- Przez całą noc służby inwigilowały TV Republika, by śledzić posła Dariusza Mateckiego. Na jakiej podstawie była inwigilowana nasza stacja, skoro dziś prokurator twierdzi, że nie mieli dokumentów na jego zatrzymanie - powiedział dzisiaj na antenie TV Republika redaktor naczelny stacji, Tomasz Sakiewicz.
Dzisiaj ABW zatrzymało na ul. Towarowej zmierzającego do prokuratury posła Dariusza Mateckiego.
Wczoraj Sejm RP przegłosował zgodę na zatrzymanie i tymczasowe aresztowanie posła PiS Dariusza Mateckiego. Wniosek prokuratury związany jest ze śledztwem ws. Funduszu Sprawiedliwości. Wcześniej - w środę wieczorem - Matecki sam zrzekł się immunitetu w tej sprawie.
W czwartek wczesnym popołudniem poseł PiS Dariusz Matecki, pojawił się w budynku Prokuratury Krajowej w celu złożenia zeznań.
- Uważam, że to mój obowiązek. Pomimo tego, że jest to nielegalnie przejęta Prokuratura, to mój obowiązek przed wyborcami, by wytłumaczyć się z zarzutów, które pojawiają się publicznie z ust polityków obozu rządzącego i mediów - mówił. Prokurator jednak nie znalazł czasu na jego przesłuchanie.

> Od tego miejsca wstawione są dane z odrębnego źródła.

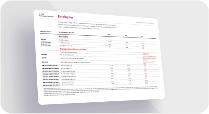 Key ESG Performance Indicators 19 2021 Adobe Corporate Social Responsibility Report Employees How we treat and engage with our employees is a crucial element of our corporate social responsibility efforts. We work to ensure an employee base that is diverse and inclusive of the community, and that each individual is treated equally with opportunities to learn, grow, and advance in their careers. REFERENCE INDICES KEY PERFORMANCE INDICATOR 2019 2020 2021 Employees GRI 102-7 Global employees 22,634 22,516 25,988 SASB TC-SI-330a.1 % employees in US 52% 52% 52% * SASB TC-SI-330a.1 % employees outside US 48% 48% 48% * Employee diversity and inclusion † Diversity and inclusion overview Adobe For All GRI 205-1 Anti-discrimination policy Adobe Code of Business Conduct GRI 405-1 Diversity of governance bodies and employees Governance bodies: 2021 Proxy Statement GRI 405-2 Ratio of basic salary and remuneration of women to men Adobe Diversity & Inclusion— Parity GRI 102-8, SASB TC-SI-330a.3 % female employees 33.1% 33.4% ‡ 33.8% GRI 102-8, SASB TC-SI-330a.3 % male employees 66.6% 66.3% 65.5% GRI 102-8, SASB TC-SI-330a.3 % female people managers 29.1% 28.9% 30.7% GRI 102-8, SASB TC-SI-330a.3 % male people managers 70.7% 71.0% 69.1% GRI 102-8, SASB TC-SI-330a.3 % female leaders (director+) 24.9% 26.1% 25.4% GRI 102-8, SASB TC-SI-330a.3 % male leaders (director+) 75% 73.9% 74. 5% GRI 102-8, SASB TC-SI-330a.3 % females in tech roles 25.4% 25.8% 26.2% GRI 102-8, SASB TC-SI-330a.3 % males in tech roles 74. 3% 73.9% 73.3% * Figures are as of December 3, 2021. † Data reflects Adobe employees who have voluntarily disclosed their gender and US race and ethnicity data. <1% of our global employee base hadn’t disclosed gender data and <5% of our US employee base hadn’t disclosed race and ethnicity data. Starting in FY2021, an updated methodology was applied to calculate diversity metrics. Our metrics now represent the total global workforce, inclusive of those who choose not to self-identify their gender and/or race and ethnicity data. In prior years, Adobe reported representation as a percentage of the workforce who self-identified their gender and/or race and ethnicity data. With this shift, we’re using a larger data set in our calculation. ‡ Reporting data to one decimal point began with FY2020 reporting.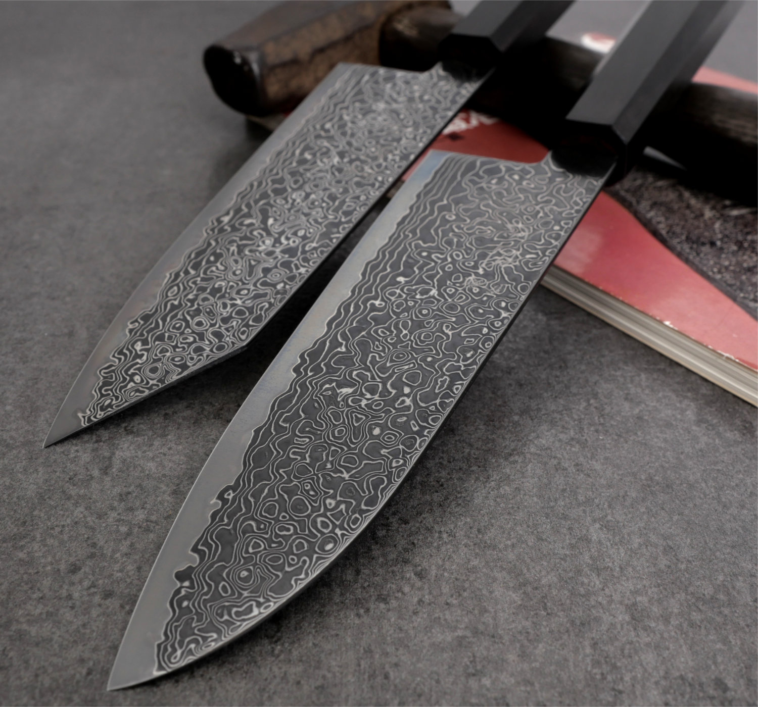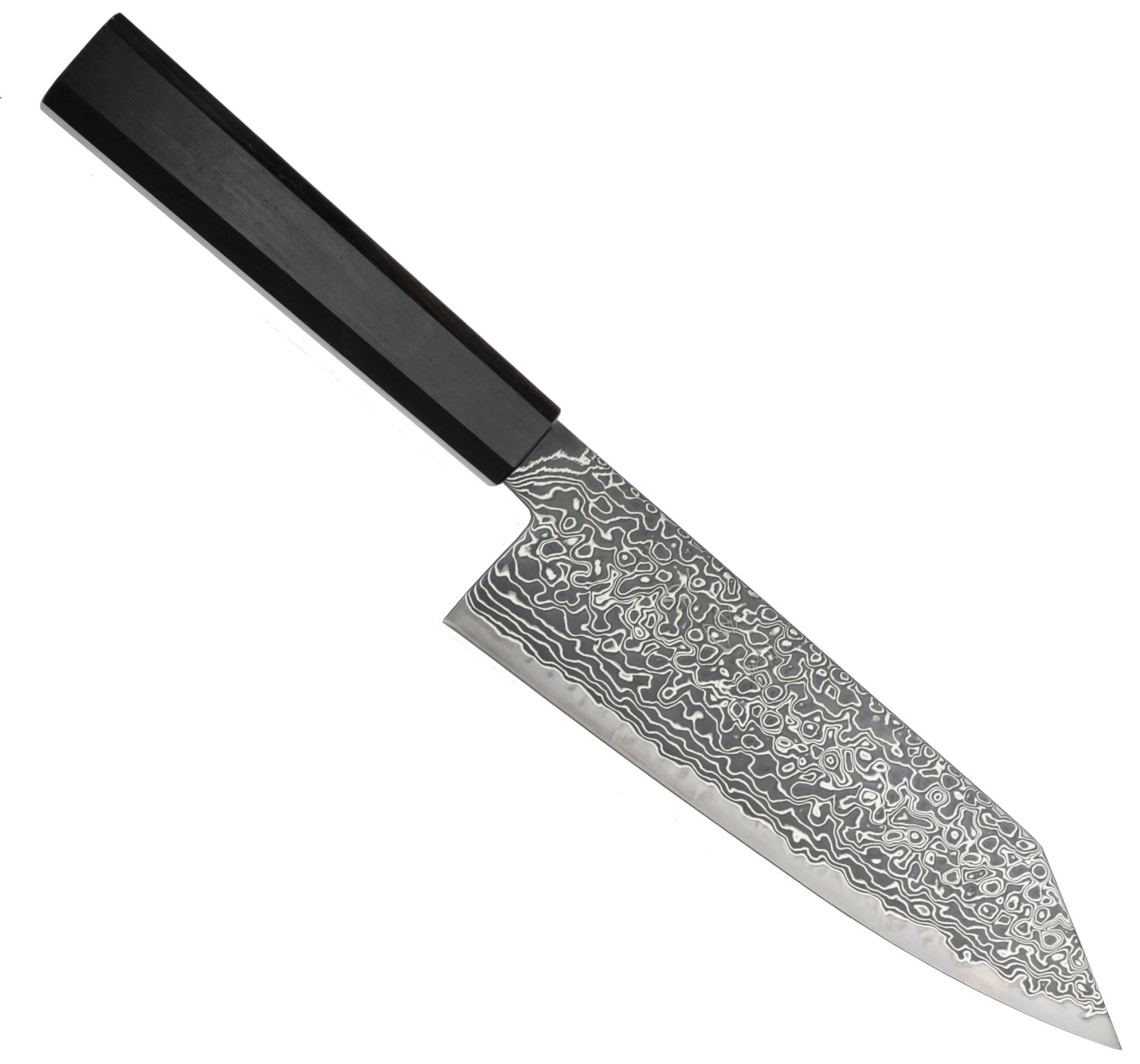 Ryuhyo från Hatsukokoro är en mycket spektakulär kniv i det rostfria toppstålet SG-2 pulverstål. Runt kärnstålet ligger en kappa av mörketsad nickel-damask med otroliga kontraster. Eggen är tunn och kniven skär som ett rakblad. Det är en högpresterande 'laser' som är bedårande vacker att se på. Skaftet tillverkas i ebenholts.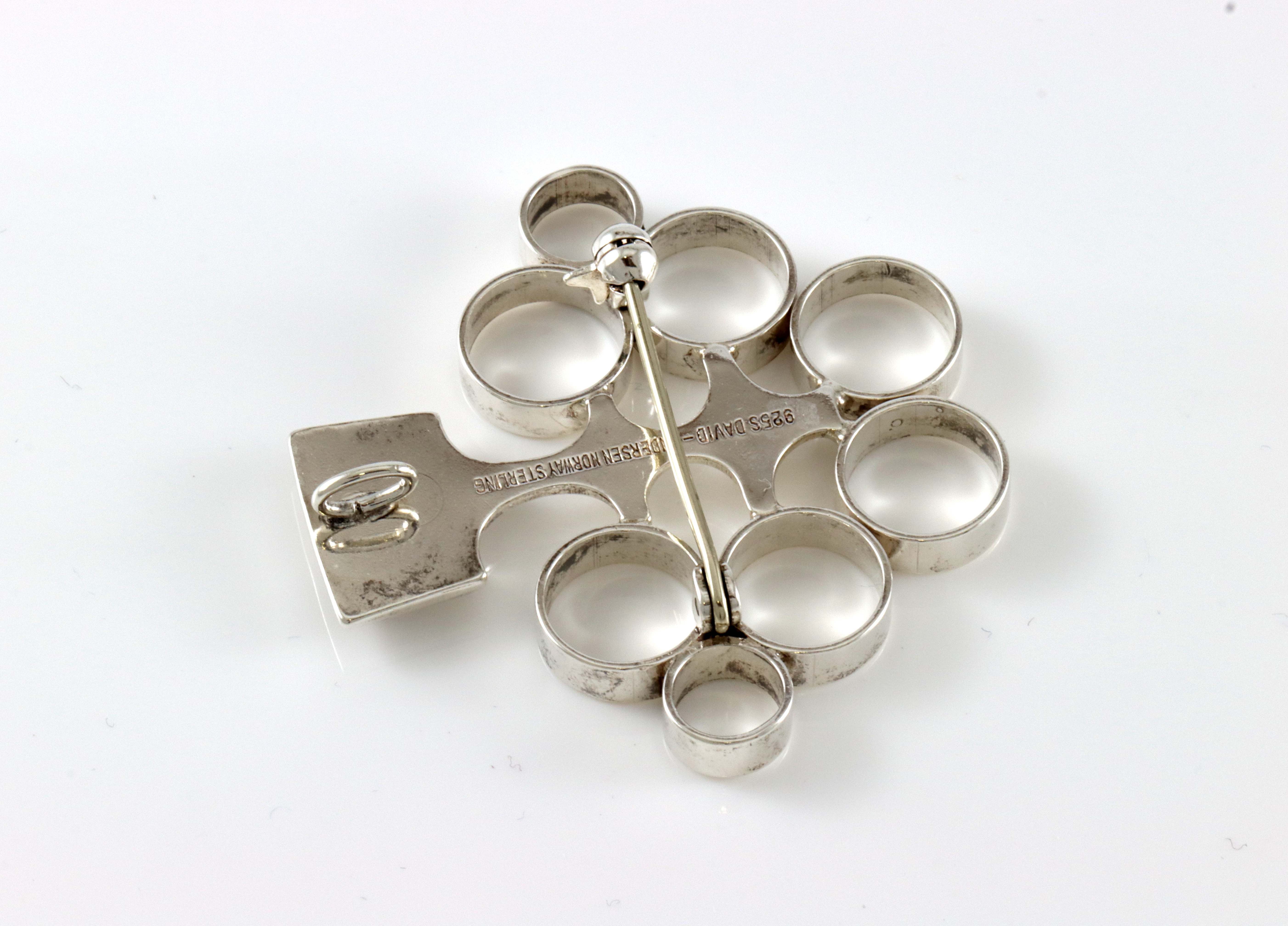 Kombinert anheng og brosje i sølv, produsert av David-Andersen. Designer er nok Bjørn Sigurd Østern. Ikke så ofte å se denne varianten. 4,5 x 4,3 cm

Dzisiaj rzecznik PK, Przemysław Nowak, stwierdził, że czynności nie podjęto, bo prokuratura "nie otrzymała wówczas dokumentacji z Sejmu".
W czwartek popołudniu poseł Matecki przebywał w redakcji Telewizji Republika, oczekując na zatrzymanie. Przed siedzibą stacji zgromadziły się osoby solidaryzujące się z politykiem.
Dziś redaktor naczelny stacji, Tomasz Sakiewicz, przekazał, że służby inwigilowały budynek TV Republika.
- Prokurator, zanim się zupełnie rozpłakał, bo mam wrażenie, że jego telepało z nerwów (...), tłumaczył, że nie mogli podjąć działania wobec Mateckiego, bo nie mieli żadnych papierów z Sejmu, gdy on się do nich zgłosił - powiedział Sakiewicz.
- Tymczasem, przez całą noc służby specjalne inwigilowały Republikę - na co mamy dowody i będziemy je publikować w swoim czasie - żeby śledzić posła Mateckiego. Na jakiej podstawie zatem redakcja Republiki była inwigilowana? Nie zdecydowali się na atak, bo podczas poprzedniej akcji zrozumieli, że nie pozwolimy tutaj nikomu wejść. Dlaczego użyto środki operacyjne na poziomie co najmniej walki kontrwywiadów, szpiegostwa ws. o naruszenie rzekomo Kodeksu pracy. Z tego powodu używa się środków operacyjnych takich jak przy zatrzymaniu dużej siatki szpiegowskiej. Mamy do czynienia z potężnym zamachem na podstawowe wartości i wolności
- dodał.
Prokurator Nowak pytany podczas briefingu prasowego o inwigilowanie stacji - konsekwentnie zaprzeczał.